Double^W Quadruple speed parsing of binary MS Office files

Thu Jun 16 07:47:06 BST 2011

On Thursday 16 June 2011 Jun, Sebastian Sauer wrote:
> On Tuesday 14 June 2011 09:19:20 Jos van den Oever wrote:
> > On Monday, June 13, 2011 19:02:09 PM Jos van den Oever wrote:
> > > When run on a set of 600 ppt files from a.o. kofficetests, this is the
> > > output from valgrind:
> > > simpletest: (normal run time: 5.7 seconds)
> > > ==28930==   total heap usage: 2,457,961 allocs, 2,457,954 frees,
> > > 218,241,950 bytes allocated
> > > apitest: (normal run time: 2.9 seconds)
> > > ==28852==   total heap usage: 254,832 allocs, 254,825 frees, 52,421,077
> > > bytes allocated
> > 
> > The speed for apitest is now down to 1.3 seconds, making the speedup 4.3x.
> > The other numbers stay the same.
> 
> Impressive.
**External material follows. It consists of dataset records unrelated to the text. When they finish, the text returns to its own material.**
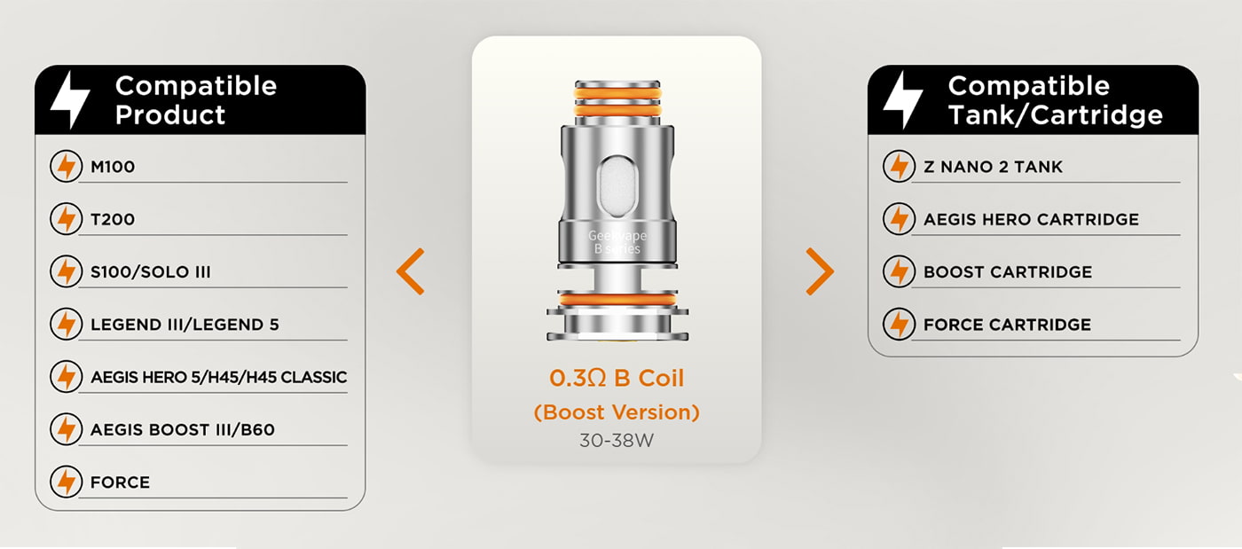 • 0.3Ω B Coil (Boost Version) — 30–38W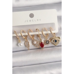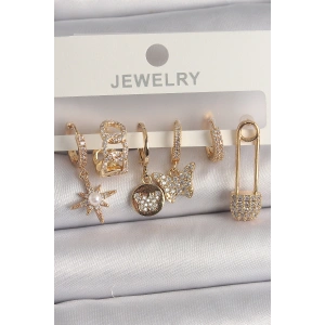 Pirinç Gold Renk Zirkon Taşlı Çoklu Figür Kadın Küpe Seti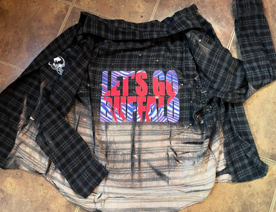 BLEACHED BACK FLANNEL " LET'S GO BUFFALO " IN DARK GREY FLANNEL

Thanks for sharing.
> 
> > The current parser that Calligra uses, uses QSharedPointer, QList, QVector
> > and QByteArray. api.h does not use any of these.
> 
> In the MSWord-filter we do;
> 
> QBuffer buffer;
> QByteArray array;
> array.resize(stream.size());
> unsigned long r = stream.read((unsigned char*)array.data(), stream.size());
> buffer.setData(array);
> LEInputStream wdstm(&buff1);
> 
> where the stream.read takes according to massif >70% of the mem during the 
> doc=>odt conversation. Your note above made me think if we cannot save that 
> allocation and operate direct on the stream...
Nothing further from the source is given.